• [About this task]: With the pictures set aside, return the lines below exactly, beginning at the first and ending at the line containing "9:一直退回到刷機界面,然後".

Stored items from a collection
####
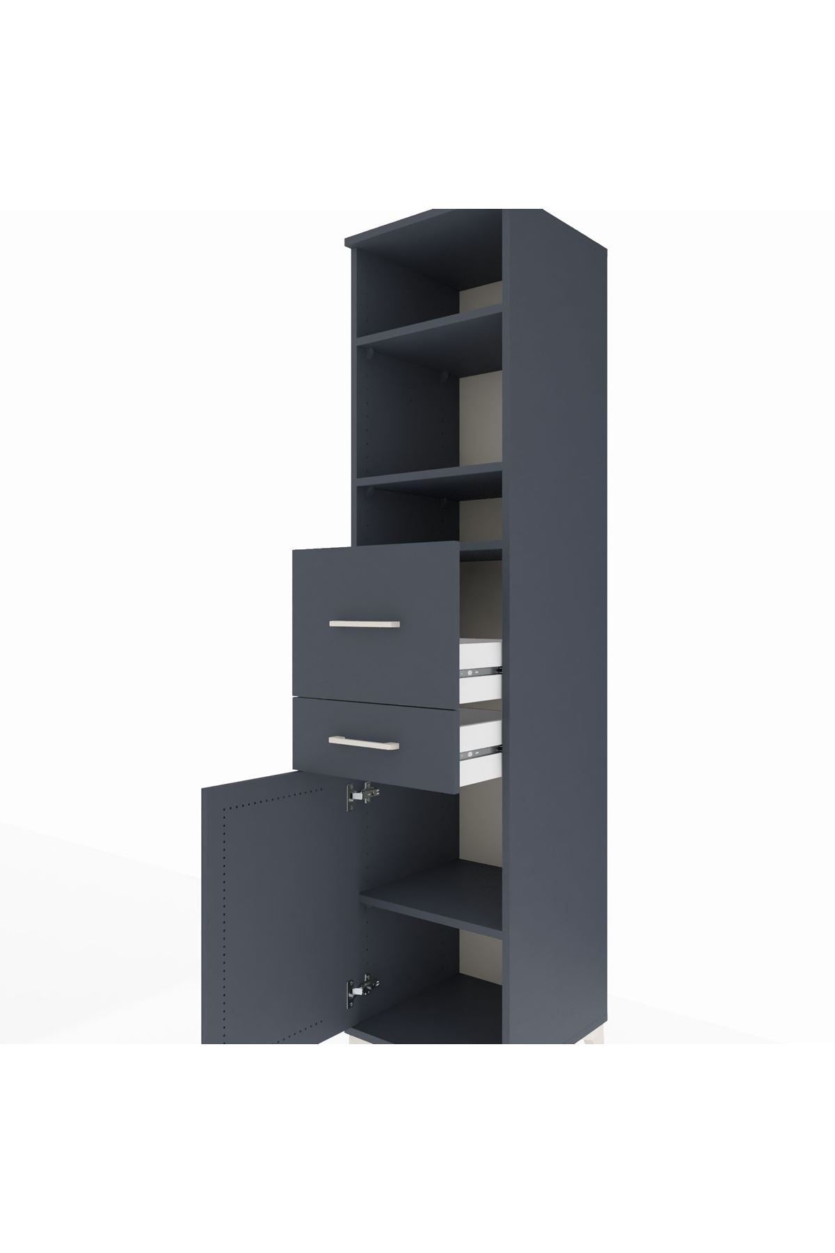 Hyperion Dolap 4 Raflı 2 Çekmeceli Tek Kapaklı 44x44x195 Antrasit-Antrasit
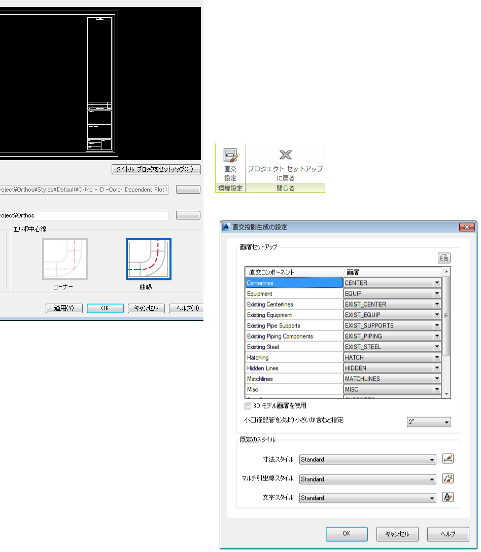 オルソ テンプレートと図面のパスを設定し、隠線配管やエルボ中心線などの既定を表示することができます。特定のオルソ コンポーネントの画層を指定することもできます。
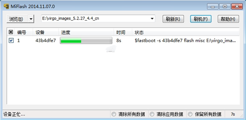 9:一直退回到刷機界面,然後點擊“刷機”按鈕,就開始給手機線刷了,一般情況下前幾秒的時候進度條就已經走了將近一半了,如果沒走的話,可能是會失敗。線刷時間根據每人電腦不同又長又短,一般不超過200s,過一會界面顯示“操作成功完成”,就表示線刷成功,手機會自動重啟。
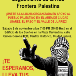 Se programan actividades en el Valle de Juárez Súmate a la lucha organizada por Palestina Ciudad Juárez 07/08/2025 El próximo sábado se llevará a cabo una Reunión Amplia de Seguimiento de la Red Frontera Palestina. El objetivo de la reunión consiste en afinar detalles para los próximos eventos de apoyo a Palestina programados en el… Leer más »Reunión Amplia de Seguimiento de la Red Frontera Palestina - Crece el repudio contra el genocidio del pueblo palestino en Ciudad Juárez y el Valle acciones organizadas
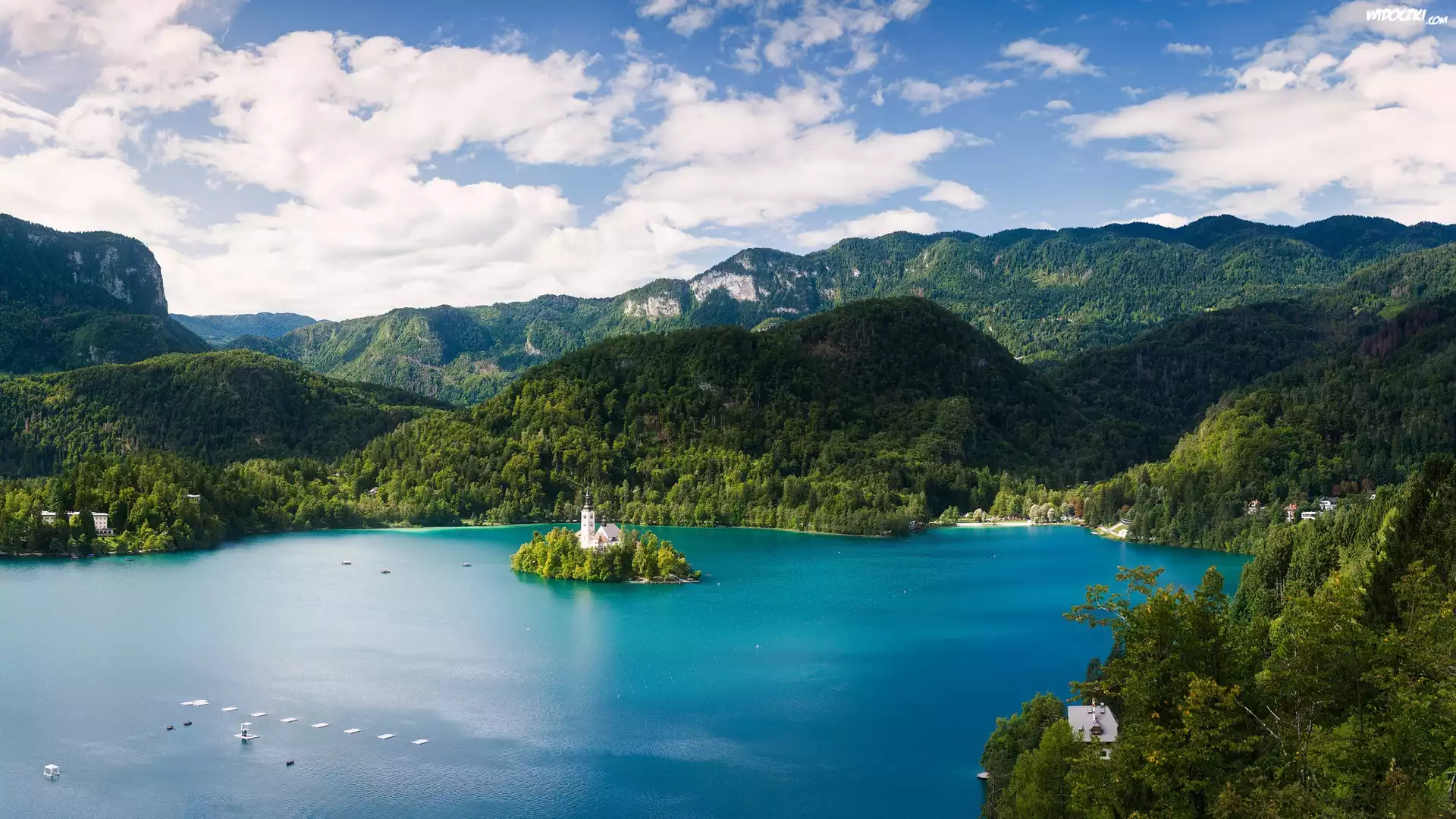 Zdjęcia, Słowenia, Góry Alpy Julijskie, Jezioro Bled, Wyspa Blejski Otok, Drzewa, Chmury
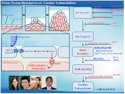 Hemodynamic forces such as shear stress are intimately linked with cardiac morphogenesis. Mutations in Notch signaling components result in congenital heart defects in humans and mice. During heart development, the myocardium differentiates into two layers, an outer compact zone and an inner trabeculated zone. The trabeculae form a network of branching outgrowths from the ventricular wall,3 and both trabeculation and compaction are essential for normal cardiac contractile function. Hemodynamic shear stress induces vascular endothelial Notch signaling, and Notch pathway mediates differentiation and proliferation of trabecular myocytes. Our multi-disciplinary approach has demonstrated that peristaltic contraction of the embryonic heart tube produces time-varying shear stress
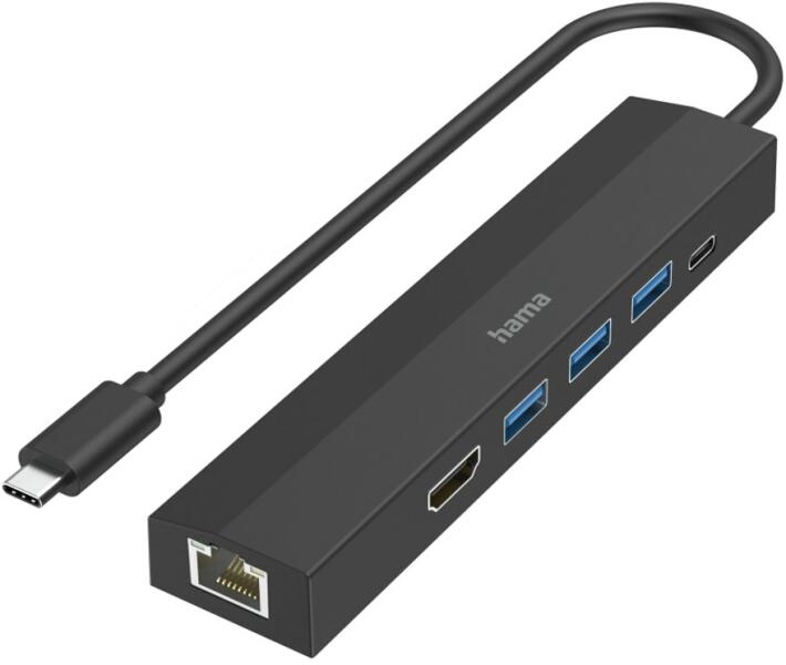 Hama 3xUSB-A, USB-C, HDMI, LAN csatlakozós hub, USB-C kábellel fekete (00200144) (00200144)
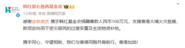 感谢林俊杰携手韩红基金会捐赠善款人民币100万元,支援香港大埔火灾救援,款项定向用于受灾居民的过渡安置及生活物资补给。
####
• [Task result]:
 Hyperion Dolap 4 Raflı 2 Çekmeceli Tek Kapaklı 44x44x195 Antrasit-Antrasit
 オルソ テンプレートと図面のパスを設定し、隠線配管やエルボ中心線などの既定を表示することができます。特定のオルソ コンポーネントの画層を指定することもできます。
 9:一直退回到刷機界面,然後點擊“刷機”按鈕,就開始給手機線刷了,一般情況下前幾秒的時候進度條就已經走了將近一半了,如果沒走的話,可能是會失敗。線刷時間根據每人電腦不同又長又短,一般不超過200s,過一會界面顯示“操作成功完成”,就表示線刷成功,手機會自動重啟。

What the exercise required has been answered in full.